How Congress Could Bypass Republican Opposition to Funding Ukraine
Just after dawn on Tuesday, the Senate passed a $95 billion national security package with aid to Ukraine and Israel, setting up a showdown with the House, where Speaker Mike Johnson suggested he would not bring it up for a vote.
The bill passed the Senate 70 to 29, with 22 Senate Republicans breaking with their party and joining Democrats in pushing it through. But in the Republican-led House, right-wing opposition, fueled by former President Donald J. Trump, poses a steeper challenge.
Many hard-right Republicans have consistently voted against aiding Ukraine, and threatened to oust Mr. Johnson, Republican of Louisiana, if he brought up legislation to do so.
In a statement on Monday night in the hours before the bill passed the Senate, Mr. Johnson said the House would “continue to work its own will” on national security and border policies, which Republicans had insisted be a part of the foreign aid package, before killing a bipartisan deal to address them.
That may mean that the bill’s only path through the House is for a bipartisan group of lawmakers to use an obscure maneuver known as a discharge petition to force action on it.
Here’s how it would work.
A majority of the House demands action.
A discharge petition is a demand signed by 218 members of the House — a majority of the body — to force consideration of a piece of legislation on the floor.
The leaders of the majority party in the House normally control the floor and all legislative business that receives a vote. But a discharge petition can circumvent the normal channels, forcing action on a bill that has the backing of enough members. Because neither party wants that to happen on a regular basis, it is by design an arduous and time-consuming process that has rarely seen success in recent decades.
When freshman lawmakers in the majority arrive on Capitol Hill for orientation, they are typically told by their leaders to never do two things: sign a discharge petition and vote against rules, which are procedural measures brought by party leaders that allow bills to be considered on the floor.
While there are dozens of Republicans in the House who support aiding Ukraine, it is not clear how many of them — if any — would be willing to defy party leaders and team with Democrats to try to force action.
An arduous process unfolds.
Legislation must sit in a committee for 30 legislative days — days when the House is in session — before a discharge petition may be submitted. That process can be sped along if lawmakers take a related bill that has been languishing in committee for some time and add the measure they want acted upon. For instance, during a deadlock over raising the debt ceiling in the spring, Democrats readied a broadly encompassing shell bill in committee to serve as a vehicle for a measure to lift the debt ceiling, should it be needed. (It never was, because Representative Kevin McCarthy, then the speaker, joined with Democrats to push through the debt ceiling measure over his own party’s objections.)

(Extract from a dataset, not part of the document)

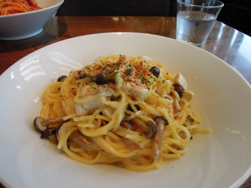 パスタは日替わりのものが3種類(870円~)用意されており、ランチタイムには、パンケーキまたは前菜がセットで付いてきます。お昼のワンプレートランチは、前菜とメイン、ごはんが見た目も美しく盛り付けられています。お値段は1,080円です。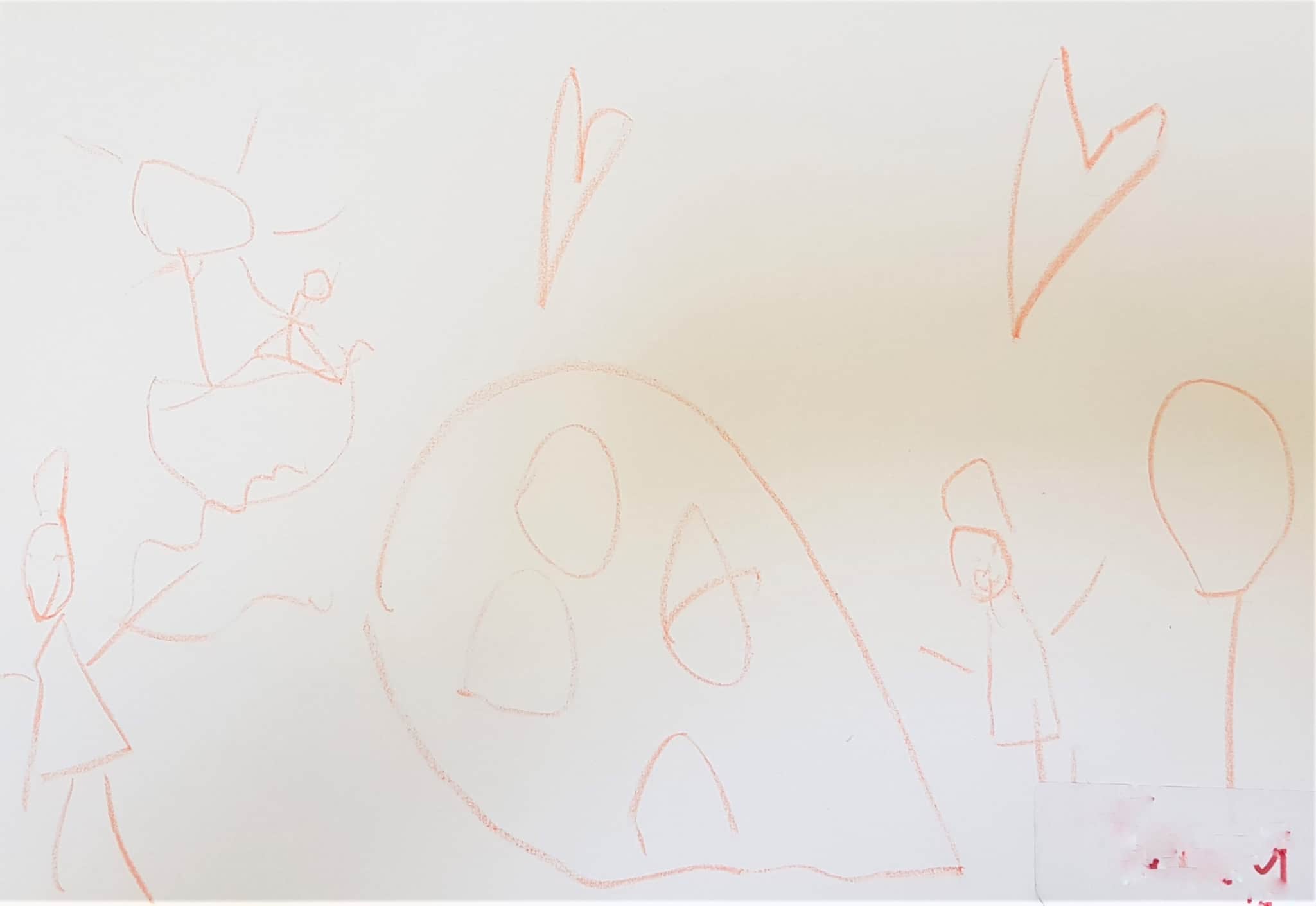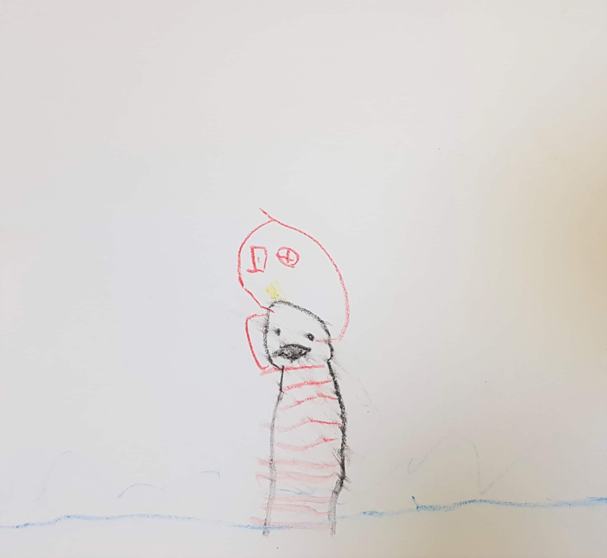 “[I drew] the wind, the grass, the sky, the balloon, the snow all come down and the big rainfall and the river. At the end was my best bit.”

Sponsors of a discharge petition must gather 218 signatures, which are made public in the Congressional Record. As of Tuesday, there were 219 Republicans and 212 Democrats in the House, meaning a discharge petition on the foreign aid bill would require a bipartisan coalition. Democrats are broadly supportive of the package, as is a bloc of more mainstream and national security-minded Republicans similar to the one that helped push the legislation through the Senate.
Once the petition has 218 signatures, a seven-day waiting period kicks in. (Again, only legislative days, when the House is in session, count.) After that, any signer of the petition can declare an intention to offer the measure, and the speaker must act within two legislative days to call it up. House leaders, in the meantime, could throw up procedural roadblocks.
The majority effectively loses control of the floor.
If the effort were successful, a discharge petition would allow lawmakers to steer around Mr. Johnson and hard-right Republicans who have vowed to block action on a Ukraine aid bill — or oust the speaker for bringing one up — to force action on the floor.
Hard-right Republicans have repeatedly voted against sending military assistance to Ukraine, while even some Republican proponents of doing so insisted that the aid should not be considered without including measures to fortify the U.S. border with Mexico against an influx of unauthorized migrants. But Senate Republicans tanked a version of the bill last week that included measures to crack down on the border, which they cast as too weak and viewed as politically inconvenient for Mr. Trump.
That prompted Senator Chuck Schumer, Democrat of New York and the majority leader, to strip out the border measures and push through the foreign aid package on its own.
On Monday, Mr. Johnson was still insisting on adding border restrictions.
In a statement, he said that House Republicans “were crystal clear from the very beginning of discussions that any so-called national security supplemental legislation must recognize that national security begins at our own border.” Mr. Johnson added that “in the absence of having received any single border policy change from the Senate, the House will have to continue to work its own will on these important matters.”
Representative Marjorie Taylor Greene, the right-wing Republican of Georgia, has threatened to bring up a motion to oust Mr. Johnson from the speakership if he puts legislation to aid Ukraine on the floor. But a discharge petition would take the decision out of his hands.